Guantánamo

Guantanamo

Guantánamo Bay prison camps turn 10

 

Prisoners declared sit-ins and hunger strikes on the eve of the 10th anniversary of the detention center; prison spokeswoman says they’ll be tolerated so long as they’re peaceful

About the writer

A Miami Herald correspondent since 1990, Carol Rosenberg has covered the detention center at Guantánamo since the newspaper first sent a team to the U.S. Navy base in Cuba on Jan. 9, 2002. The first 20 war-on-terror captives arrived two days later.


crosenberg@miamiherald.com

Ten years ago Wednesday, U.S. troops marched 20 men in chains off a military cargo plane at Guantánamo Bay to launch America’s war on terror experiment in offshore detention and justice. Now, the prison camps enter their second decade with death penalty tribunals on the horizon and President Barack Obama still struggling to find a formula for closure.

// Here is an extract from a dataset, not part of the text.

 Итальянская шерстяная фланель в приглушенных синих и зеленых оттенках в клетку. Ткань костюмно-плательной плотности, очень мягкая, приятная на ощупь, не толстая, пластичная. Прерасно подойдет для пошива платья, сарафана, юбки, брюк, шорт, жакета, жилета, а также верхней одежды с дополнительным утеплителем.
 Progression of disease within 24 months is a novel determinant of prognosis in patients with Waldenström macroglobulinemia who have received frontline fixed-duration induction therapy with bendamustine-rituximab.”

Here are 10 developments Guantánamo watchers can expect to see:

Pressure to add to the prison population: Congress has, through a variety of legislation, tried to grow the enterprise that has hundreds of empty cells in the crude complex that sprawls along the U.S. Navy base’s waterfront. But the Obama administration goal is to shrink the population, then close the prison.

“It’s the president’s stated objective to never send anyone to Guantánamo again,” Army Lt. Col. Todd Breasseale said on Tuesday. As of this week, the military had 1,850 U.S. troops and Defense Department contractors on staff of the prison holding 171 captives. The prison camps can hold at least 800 captives.

Prison camp unrest

Tensions are high over a toughening of rules at Guantánamo. Captives complain that the camps have instituted a new 25-day punitive segregation regime for rule breakers, in cramped cells in a once-secret disciplinary block. They say that after years of a more liberal policy, guards are now seizing captives’ spare blankets and clothing; and that they are shackling a captive’s four limbs, not just his ankles, at medical appointments.

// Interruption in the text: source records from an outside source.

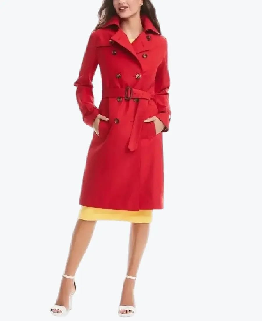 The design features a traditional lapel style collar, offering a refined and polished look that defines the authentic duster profile. A secure dual closure system featuring classic buttons and an adjustable waist belt ensures a customized, flattering fit while providing maximum protection against the elements. This coat is functional and streamlined, featuring two side pockets for convenient storage and hand warmth. Full-length sleeves are finished with open hem cuffs, providing a clean and fluid finish at the wrists that enhances the coat’s elegant drape. The vibrant red color provides a powerful foundation that adds a touch of sophistication and confidence to any ensemble. This garment serves as a distinguished centerpiece for your outerwear collection and stands as a piece of premium craftsmanship.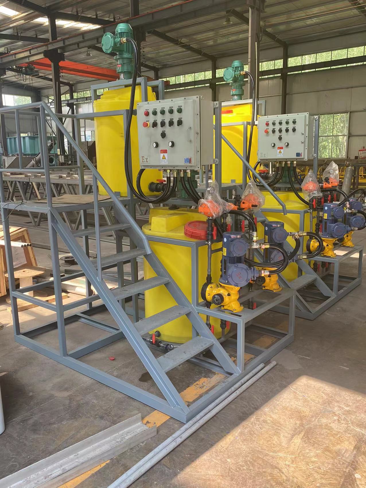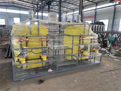 加药装置是以计量泵为主要投加设备、将溶药箱、搅拌器、液位计、安全阀、止回阀、压力表、过滤器、缓冲器、管路、阀门、底座、扶梯、自动监视系统、电力控制系统等按工艺流程需要组装在一个公共平台上,形成一个模块,即所谓的撬装式组合式单元。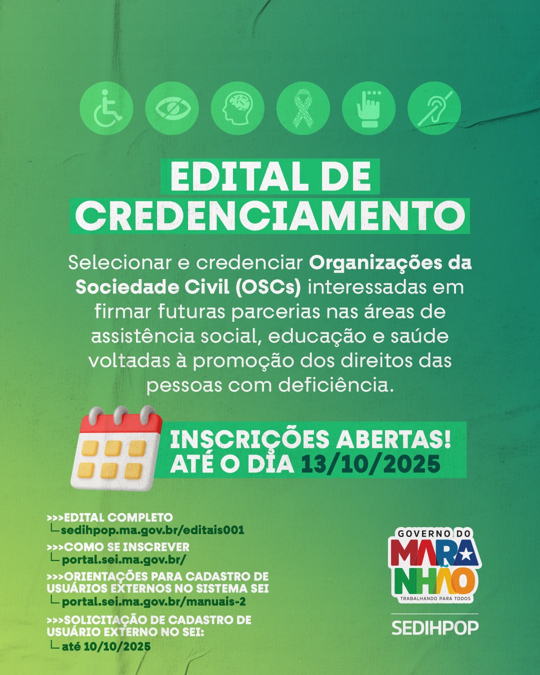 Edital de Credenciamento para OSCs com atuação na área de atenção às pessoas com deficiênciaEdital de Credenciamento para OSCs com atuação na área de atenção às pessoas com deficiência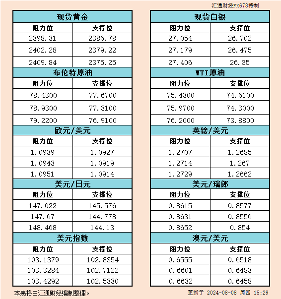 汇通财经APP讯——8月8日欧市黄金、白银、原油、美元指数、欧元、英镑、日元、瑞郎、澳元支撑阻力位一览。

On Tuesday, captives told their guards that for three days around the anniversary, they’d be refusing meals, staging sit-ins and hanging protest signs, according to accounts from the military and defense lawyers.

No crackdown is intended in the penitentiary-style lockup where the majority 140 captives are allowed to pray, eat and congregate in groups of 20 or so. “Detainees may participate in these nonviolent forms of protest and have the opportunity to reasonably express themselves without losing those privileges,” said Navy Cmdr. Tamsen Reese. The prison spokeswoman had no comment on what was happening in the secret prison camp for former CIA captives or in the more severe Camp 5 for convicts and rule breakers.

Spending scrutiny

By the Obama administration’s reckoning, U.S. taxpayers spend $800,000 a year to keep a single captive at Guantánamo Bay, a figure the prison camp staff won’t explain. In September, the Miami Herald filed a Freedom of Information Act for documents that show how that money is spent.

Now, the Pentagon’s Southern Command in Miami is assembling the documents, and an attorney there is deciding which might be released, says Southcom’s Army Col. Scott Malcom. Next, the Pentagon’s Freedom of Information office will get a chance to scrub the documents the public may get to see that explain, in detail, prison-camp spending.

Talk of Taliban releases

The White House wants to wind down the war in Afghanistan. Congress OK’d it in the Sept. 18, 2001 Authorization for the Use of Military Force, from which the Pentagon designed its indefinite detention regime.

But, “If there are peace talks and if the war is considered over, what will the courts say about continued detention?” says Andrea Prasow, senior counter-terror counsel for Human Rights Watch.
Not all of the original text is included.